08/10/2025
Below is a message written to another instructor from a heartbroken, grieving parent. I’ve changed the names, however, in the parent’s message, despite having to deal with the loss of a child, they wanted to spread the message far and wide to increase awareness to young drivers, new drivers and experienced drivers.
Please read it with care and compassion.
If you have never lost someone you love, scroll on.
This is R’s story.
R turned 17 on January last year and passed his driving test not long after .
He had grown up around vehicles and spent weekends helping his dad at work.
He was a natural driver, confident and calm behind the wheel.
R had ADHD but that never defined him.
He was bright, loyal, funny and hard working.
He loved his family, his job, music and gaming.
He rarely went out and was happy being at home.
He did not drink, smoke or use his phone while driving.
He was careful and sensible, a genuinely good young man.
💞 Like many new drivers R was still learning on the road.
💞 He had a Motability car but no black box fitted, something his mum now wishes had been different
💞He always wore his seat belt and took pride in being responsible.
Then one night everything changed.
After giving friends a lift home, R was driving on a dark rural road he did not know.
There were no street lights and no clear warning signs.
He missed the give way, tried to correct it and took the full impact himself saving his two passengers.
He was only 18 years old.
The car was so badly burnt there was no evidence ..
His story gets worse though as the police removed the car and opened the road and went home.
A few days later while laying flowers at the crash scene, his mother found parts of his body left there.
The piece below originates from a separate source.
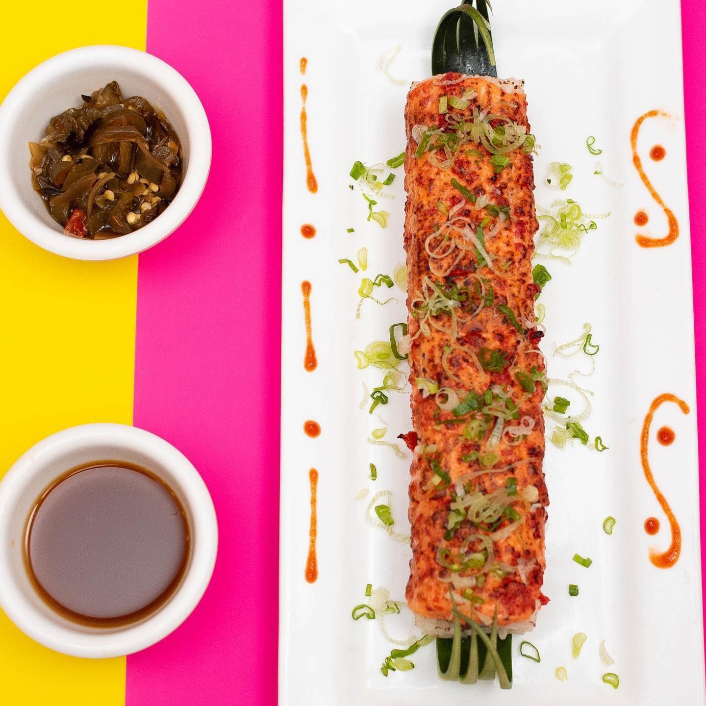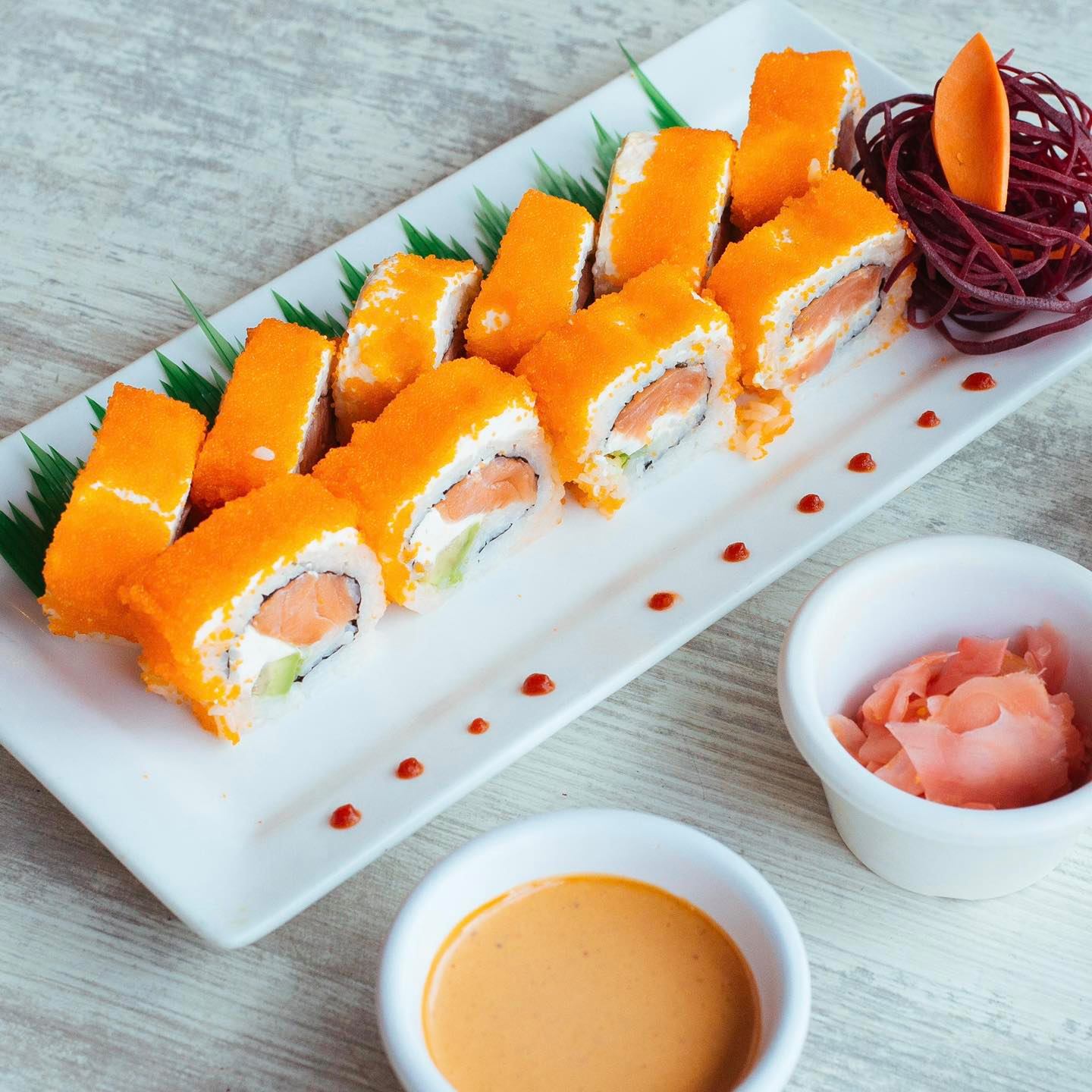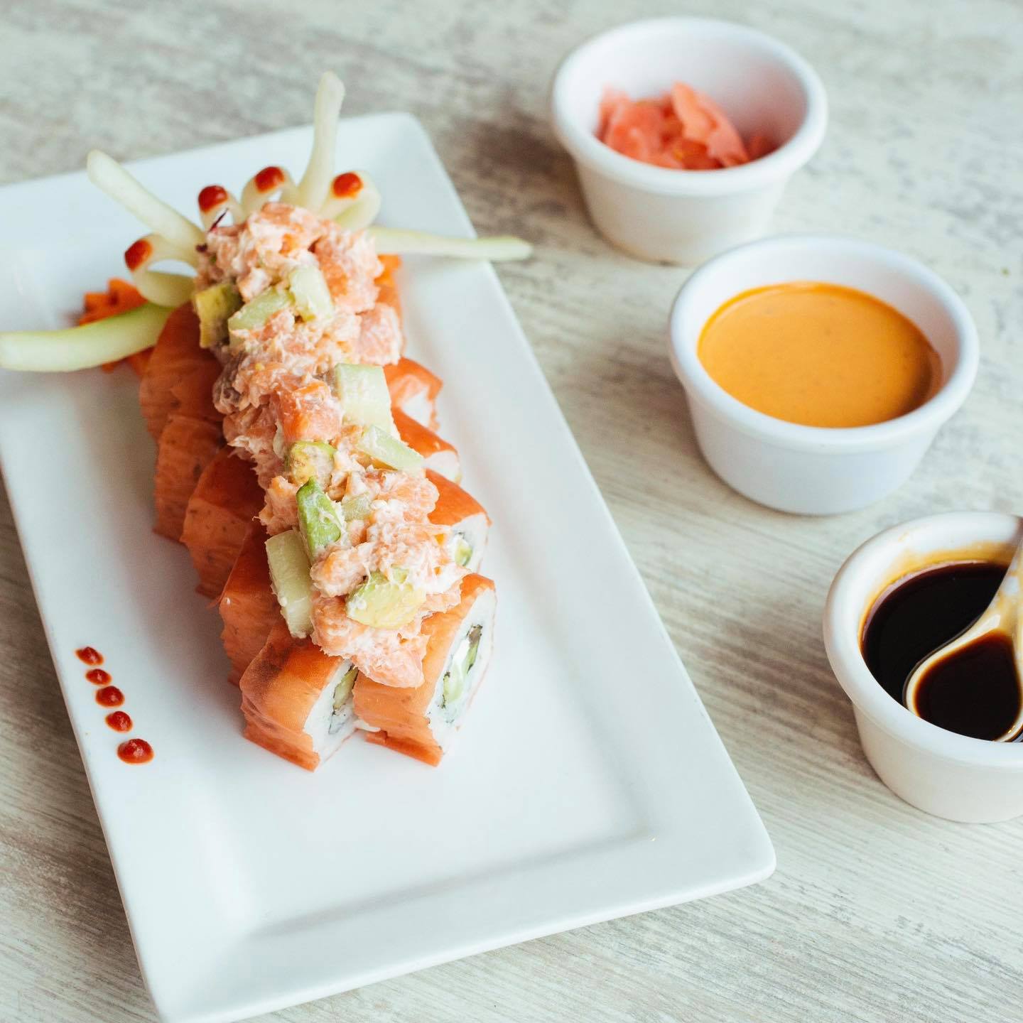 Por fuera Salmon flameado punteado con salsa spicy y salsa siriacha. Por dentro atun, queso crema, pepino y aguacate.

Can you imagine what that must have been like for her?
She was so lost and broken, so many questions…..completely distraught and inconsolable.
R didn't have enough road experience and taught himself his road experience.
His mother wishes he had had more lessons, and not be allowed to drive at night, or carry passengers.
Other fatal crashes had already happened on that same road but nothing has changed.
How many lives need to be lost before action is taken for dangers on a road?
R’s mum shared her story because she wants to make a difference.
For safer roads.
For more awareness.
For better protection for young drivers who may not yet have the experience to recognise every danger.
Please remember
✋ Confidence is not the same as experience.
✋ Speed limits are not targets.
✋ Road safety is not just about rules, it is about lives.
Forever remembered
R. J. D.
**.01.2007 – **.03.2025
Please share and tag your friends in to raise awareness ..
For any parents reading this, it’s not about the least amount of lessons to scrape through passing a driving test, or gloating it only took you ‘x’ amount of hours to pass yours and moaning about how much money it’s costing.
It’s a serious parental responsibility, emotional and financial commitment and investment in enabling your child to develop the skills required to be competent, confident, capable and considerate driver…. for life…. Not a tick box to do the bare minimum to pass a driving test as a ‘show’ for an examiner.
Learning to drive is a serious commitment needed from a learner and positive support to help them accomplish their end goal.